Камиль было достаточно опустить веки, чтобы опять увидеть во всех подробностях эту женщину: лет двадцати, нагую, свернувшуюся клубком в каком-то темном месте, быть может в подвале или пещере. Она дрожала, ей было холодно и страшно. Ее черные глаза словно впивались в Камиль, глядевшую на нее в своем сне, будто сторонняя наблюдательница, бессильная что-либо изменить.

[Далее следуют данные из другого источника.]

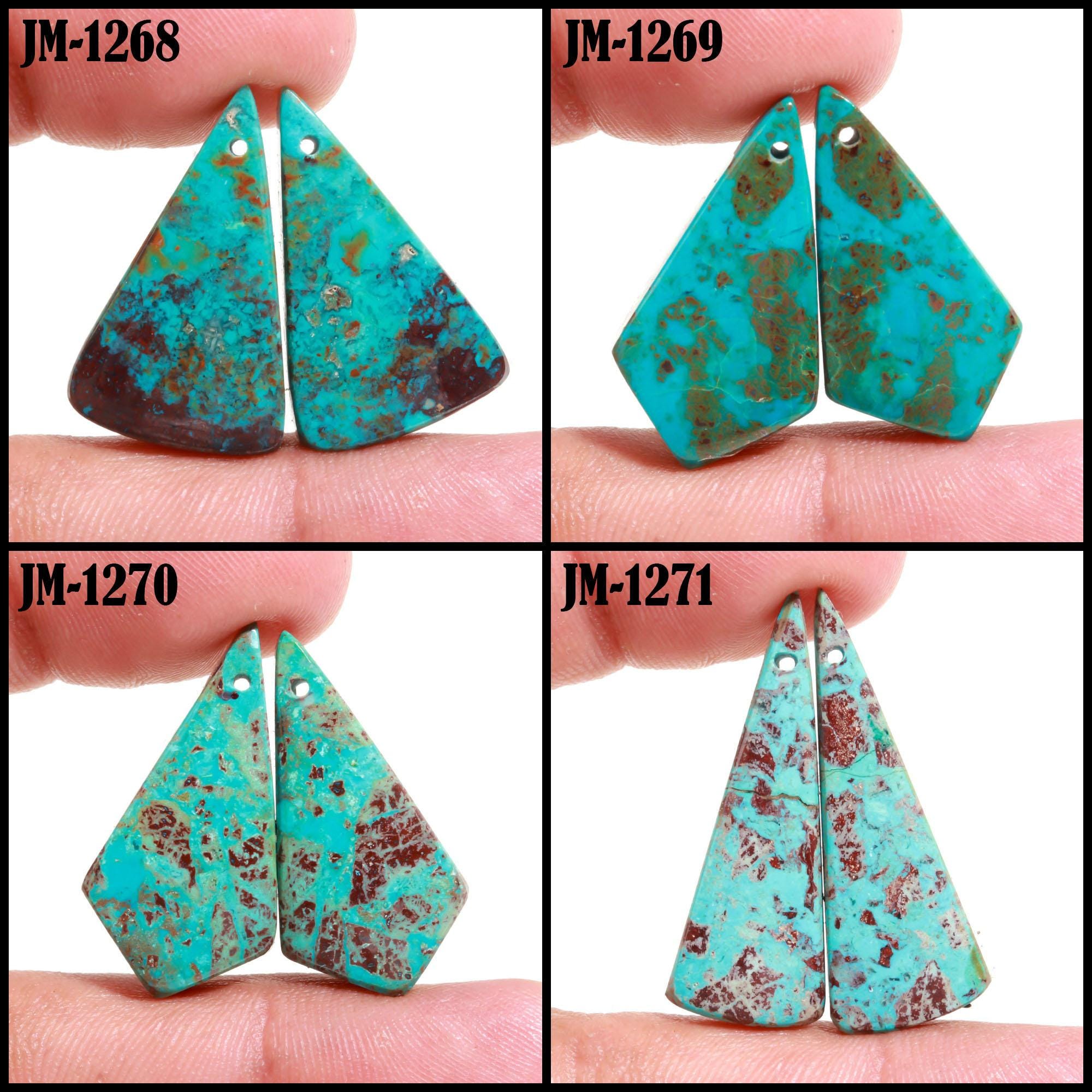 -Chrysocolla fancy shape drilled cabochon matching pairs-this listing is for a set of two cabochons-stones are flat on the back-Chrysocolla is a natural stone, no treatment

– Словно ее похитили и где-то удерживают. Она запугана. Самое удивительное – эта отчетливость сна, я его помню вплоть до мельчайших деталей. Похоже на настоящие воспоминания. На что-то… даже не знаю… На что-то, что я в самом деле видела или пережила. Невероятно.
– Похоже, так и есть.
– Ты же меня знаешь: я буду последней, кто поверит во всякое такое, во всю эту чушь насчет ясновидения, предчувствий или чего там еще… Самое потрясающее в том, что оно идет изнутри меня. Быть может, мне надо покопаться, поискать что-нибудь по этой теме или увидеться с кем-нибудь, чтобы избавиться от своего сна. Не знаю.
В последние недели Борис чувствовал, что Камиль потеряла уверенность в себе. Перенеся тяжелую хирургическую операцию, молодая женщина словно скользила вниз по длинному склону. Часто погружалась в свои мысли, становилась нервной, раздражительной на грани срыва. И об этом явно свидетельствовало то, что она упрямо собирала со всей Франции и из соседних стран газеты, вышедшие за неделю до ее операции. Она изучала их даже на рабочем месте, что уже стоило ей нескольких неприятных замечаний со стороны коллег и начальства.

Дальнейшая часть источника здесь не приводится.